I like Pie, so usually I have one where I have a slice a day, Berry Pies usually...Pie-and-Coffee


No one else of course has any interest in this at all, but to her, it is a big deal...so, I let her have what she likes of it, and or I decide when enough is enough if need be.


I myself have never tried a dry, pale, Pigeon poop, to see what it would taste like.

I should, just so I would know, but I have not.


I guess I am shy...


I do not know which apprehension is worse - 


That it would taste mildly bitter, astringent or just yucky...

Taste just merely a little salty and blahhh....

...or taste good...?

What if it did taste good?



Lol...


Phil
l v


----------



## ryannon (Jul 4, 2007)

pdpbison said:


> I myself have never tried a dry, pale, Pigeon poop, to see what it would taste like.
> 
> I should, just so I would know, but I have not.
> 
> ...



Who knows, maybe this is what the little guy is trying to tell me... Um, thanks, but I think I'll pass on this, my friend.

I'm gradually learning not to obsess over him: he seems in great shape, happy, funny and alert - which is more than I can say about myself. 

Live and let live: I'm sure that if we were clever enough to understand, we'd find that these little companions are communicating all sorts of information to us - just as we are to them. If only we had eyes to see....

I love having him nearby - or discovering him hidden in a corner, temporarily seeking privacy and his own space. Every day is different, and holds a new surprise: tonight he's taken possession of a table near my bed, and God only knows why. Perhaps just to be contrary because he knows I bought him a special little wicker basket that I thought he'd like as a nest this afternoon? 

Sitting there, head turned to the wall, alternately snoozing and watching me, all while grunting like a contented little pig...what's going on inside that feathery head?

I've a feeling that I'm not at the end of my surprises...


----------



## Maggie-NC (Jun 22, 2005)

Ryannon, those little grunts sound like pure happiness to me.

We have a little girl, inappropriately (as always) named Jimmy Jack.

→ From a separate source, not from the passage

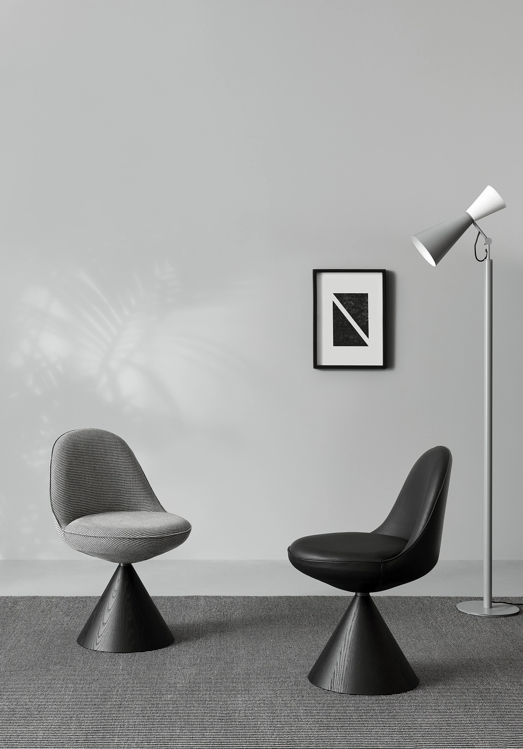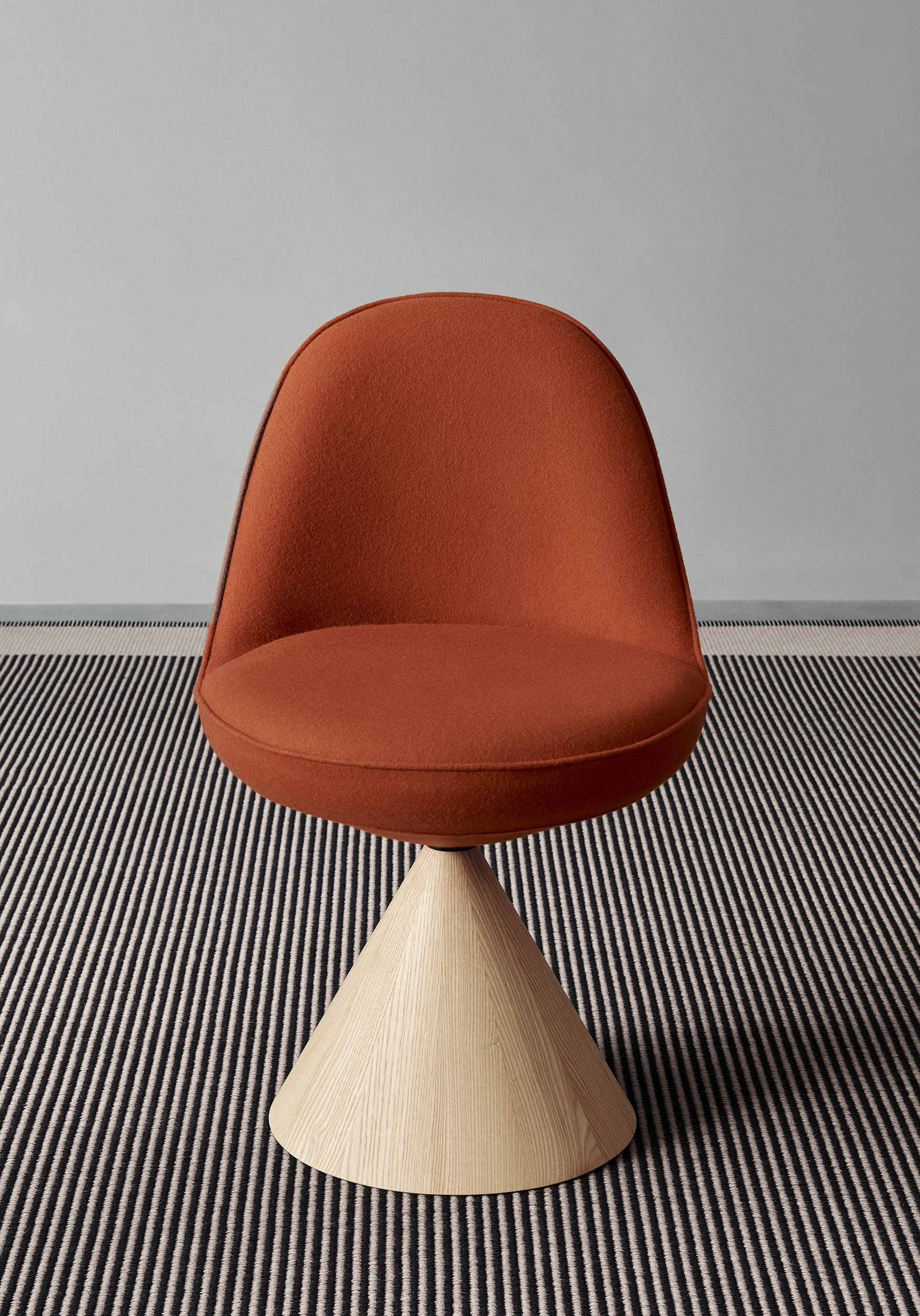 Preview News 2020. System bookcase with straw back. New Materic table with stainless steel base and black stained ash top, design Piero Lissoni. New Romby padded chair with conical base in natural or black stained ash, design GamFratesi.

Because she was a squab when we picked her up last January, we had to keep her in our home all winter and became too tame to release. She moved to the aviary with the others in early May but we bring her in the house most afternoons to "play". She is one of the rare ones - extremely tame and oh, so sweet. Anyhow, last winter, my husband Lewis taught her a game. He sits at the end of the kitchen table, pats his knee and she jumps on it, only to turn around and jump back on the table, but in the process slides about a foot. She loves this and will do it continuously. After her slide, she fans both wings and strolls or struts around the table. She is a feral and is very beautiful. They sure can wrap you around their wings.

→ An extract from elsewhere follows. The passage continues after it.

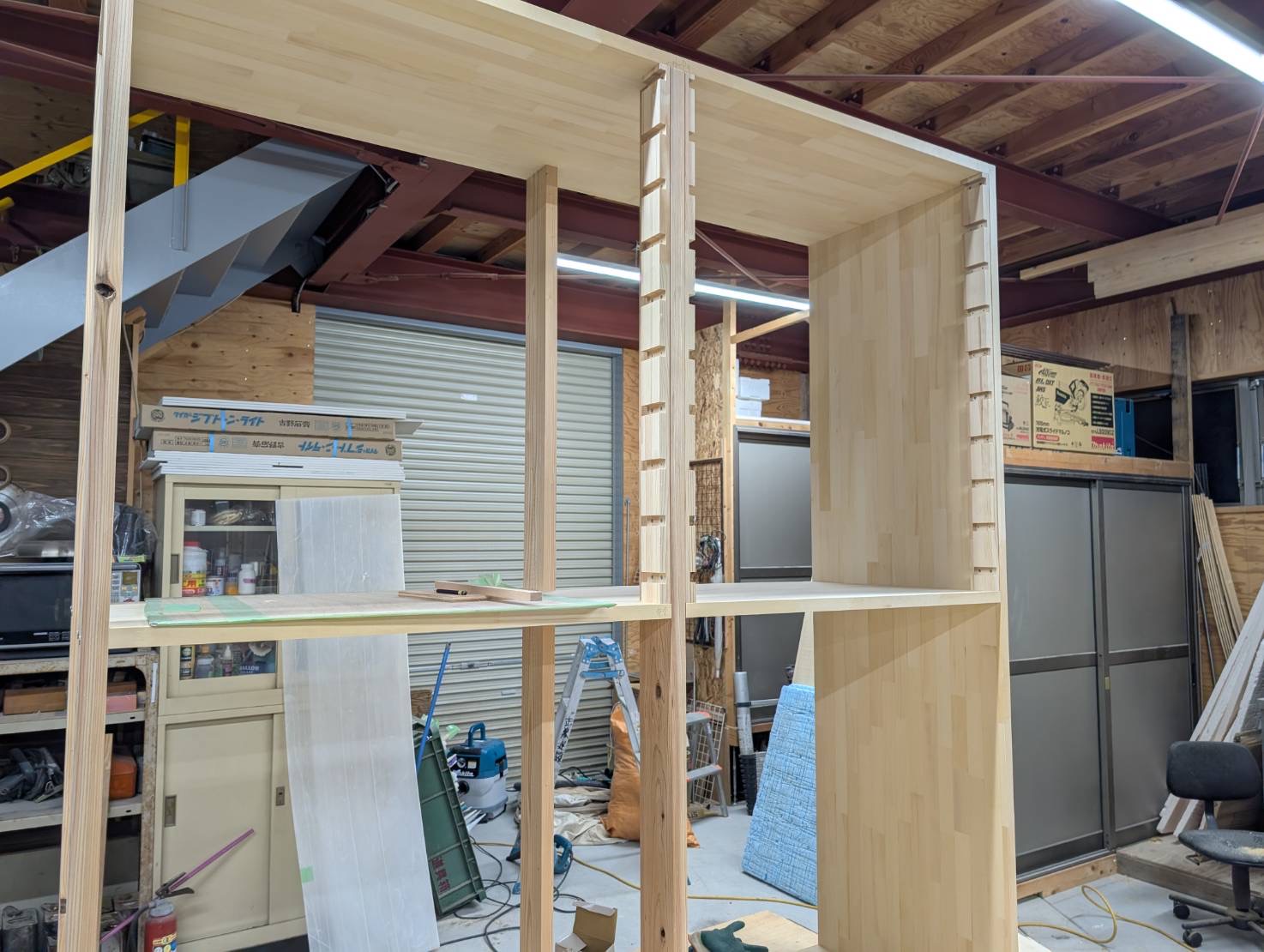 2階、6畳の洋間をウォークインクローゼット及び、収納スペースに改装工事です。

Speaking of poop again, we have a large flock of ferals who live at a farm abut l/4 mile from us. There are numerous cows in the pasture and this morning when we went by they were all flying down where the cows were grazing and I believe, eating seed out of the cow poop. We have seen them do this many times. Wonder what keeps them from getting sick?


----------



## ryannon (Jul 4, 2007)

Lady Tarheel said:


> Ryannon, those little grunts sound like pure happiness to me.
> 
> ....../
> 
> Speaking of poop again, we have a large flock of ferals who live at a farm abut l/4 mile from us. There are numerous cows in the pasture and this morning when we went by they were all flying down where the cows were grazing and I believe, eating seed out of the cow poop. We have seen them do this many times. Wonder what keeps them from getting sick?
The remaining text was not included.